The dataset used here, "gapminder_all_binary.csv", is based on a dataset used for the software carpentry lesson "Plotting and Programming in Python" (https://swcarpentry.github.io/python-novice-gapminder/). I made one alteration - I added a binary field, "Over 65", indicating whether the life expectency for a particular country in 2007 was over or under 65 (1 for yes, 0 for no). I use this field for examples where I train a random forest (among other tree-based regressions) to determine the threshold for when this field should map to 1 or 0 (because this is a contrived example where I specifically coded these values to a threshold of 65, we know in advance that the ML model should return not too far off that predetermined threshold).

Workbooks

  • Pyspark_continuous_regression.ipynb provides an example for predicting life expectancy based on GDP as a continuous variable (using linear regression and decision trees).

  • PySpark_binary_regression.ipynb uses a decision tree and a random forest to predict a binary value (whether the life expectency is above 65).

  • PySpark_CSV_SQL demonstrates how to run a SQL command on a dataframe created through a CSV import into a SQLContext.

  • PySpark_binary_regression_BP.ipynb uses PySpark tree based regression to predict the probabilty that a patient is coded as hypertensive based on systolic and diastolic blood pressure readings, along with some analysis and interpretation of the model.
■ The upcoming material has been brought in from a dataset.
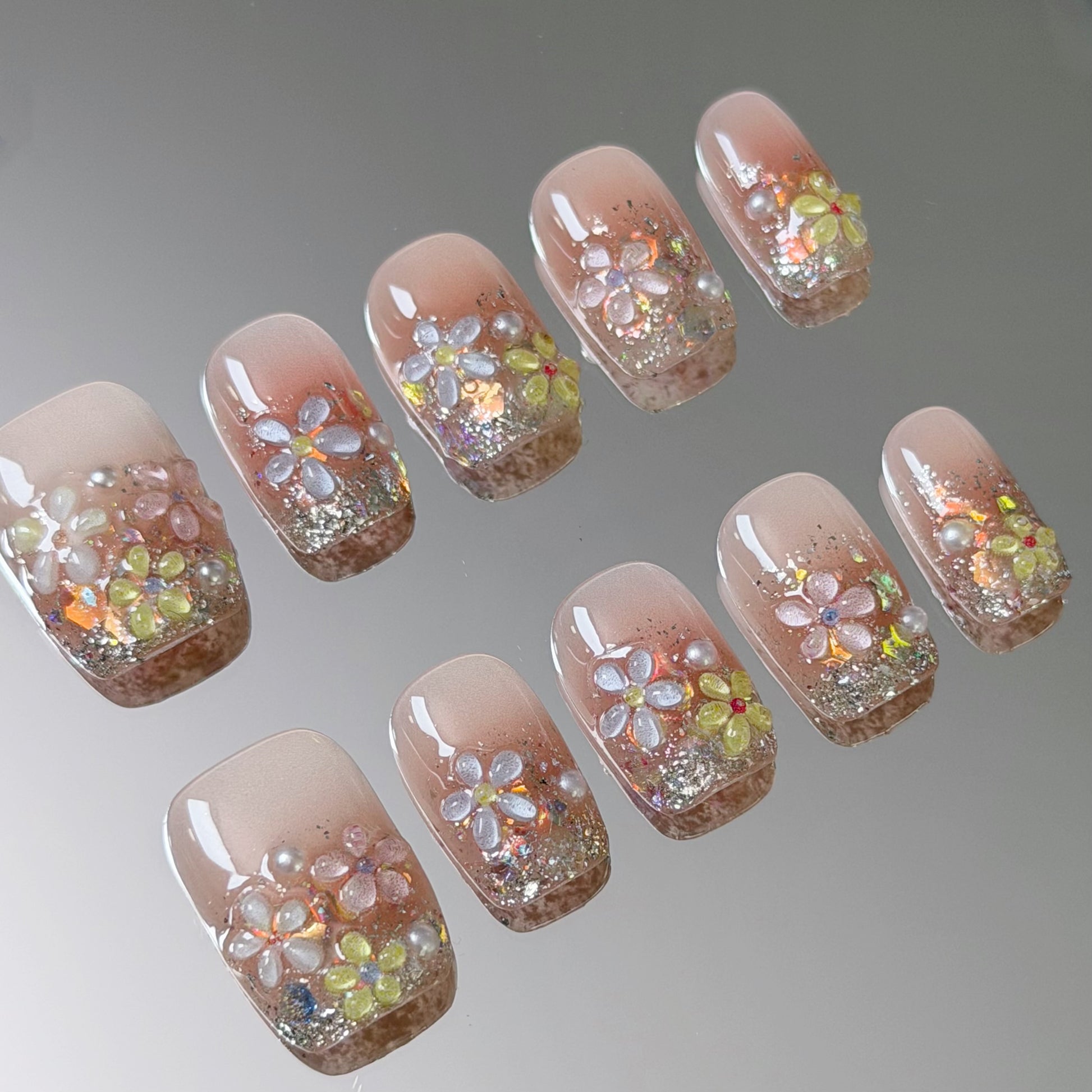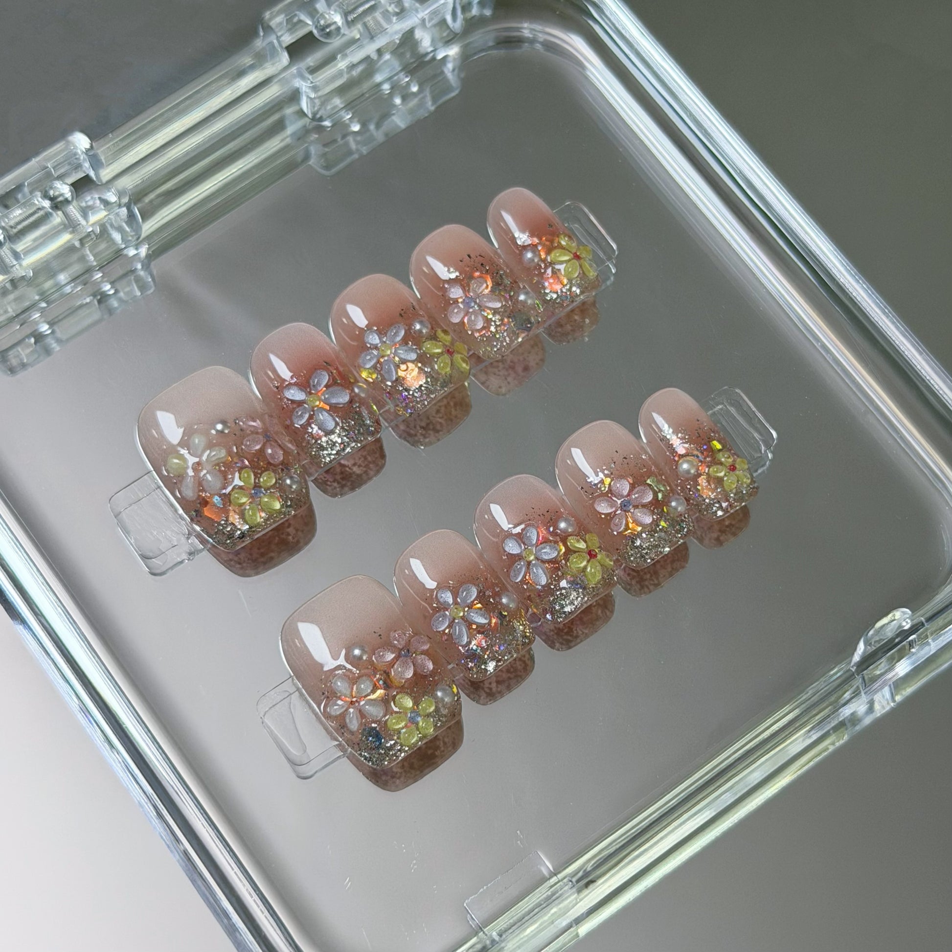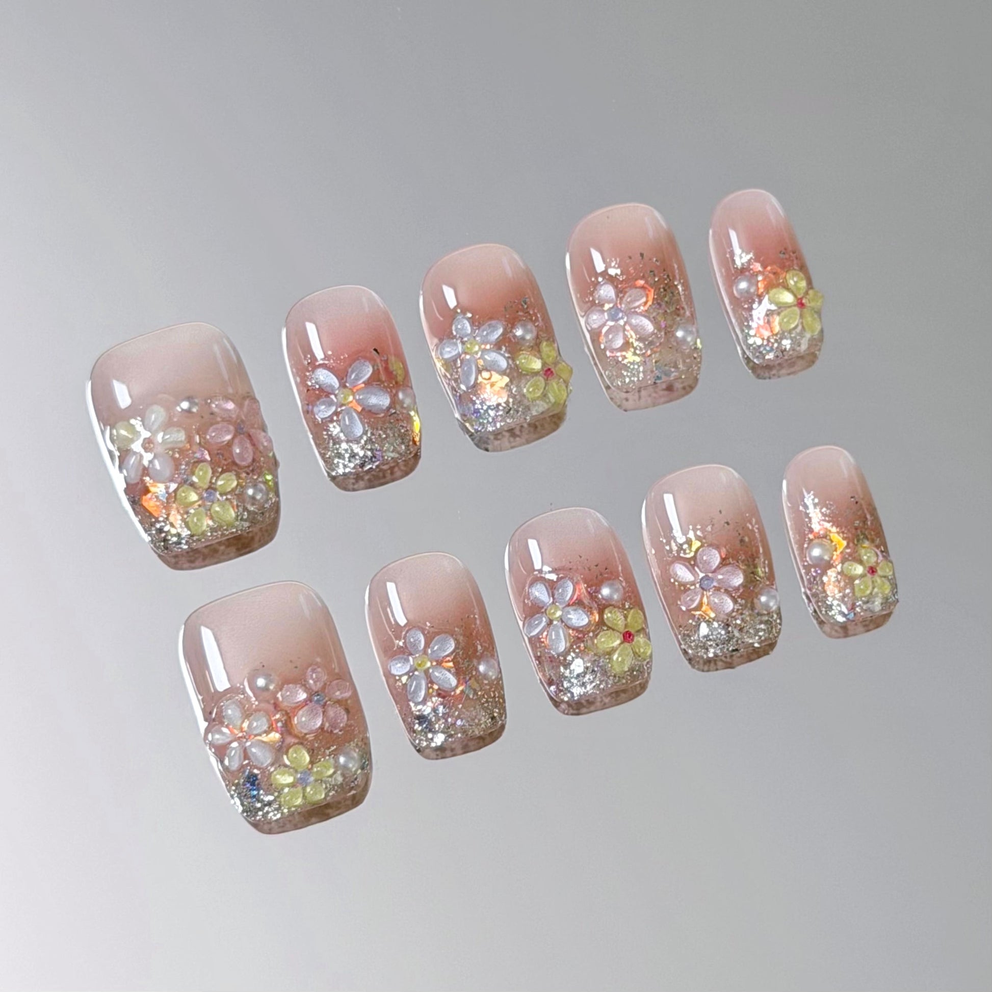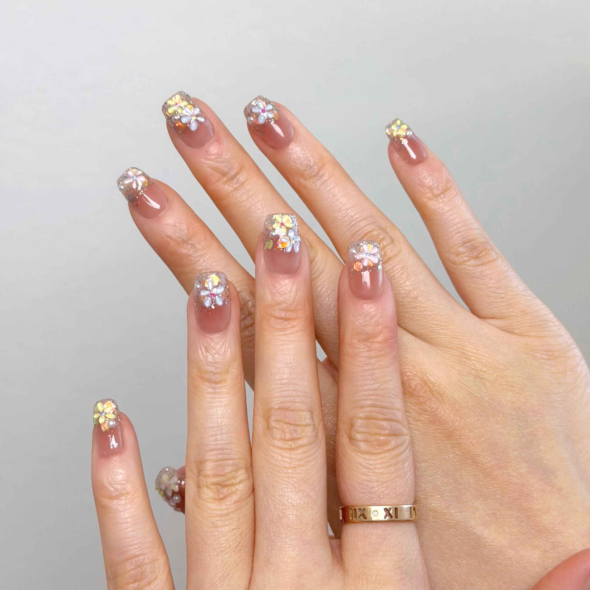 🌸Lumina blends soft nude tones dusted with silver shimmer and finished with tiny crystal blooms. Like moonlight resting on bare skin, this design is quiet, romantic, and effortlessly refined. A subtle sparkle that reveals itself only when you move.

  • Generate_Dummy_BP_Data.ipynb is a script to generate randomized bmi, systolic, and diastolic readings. These values are generated as uncorrelated variables uniformly distributed between a range. In other words, this dummy data doesn't reflect any of the real-world intricacies of blood pressure data.

  • Pyspark_scikit_learn_RF_binary_regression.ipynb is based on an example written by Hunter Mills at UCSF that uses scikit-learn in a PySpark3 kernel to find the threshold for systolic and/or diastolic blood pressure readings coded as hypertension. This approach allows you to use PySpark in a clustered environment for creating dataframes from SQL queries against a very large database, taking full advantage of the distributed environment. This example then switches to pandas and scikit-learn to build, fit, run, and access results on a random forest regression. This approach is useful when you need a spark cluster to filter and prepare data, but can switch to a single-node approach for training and running an ML model.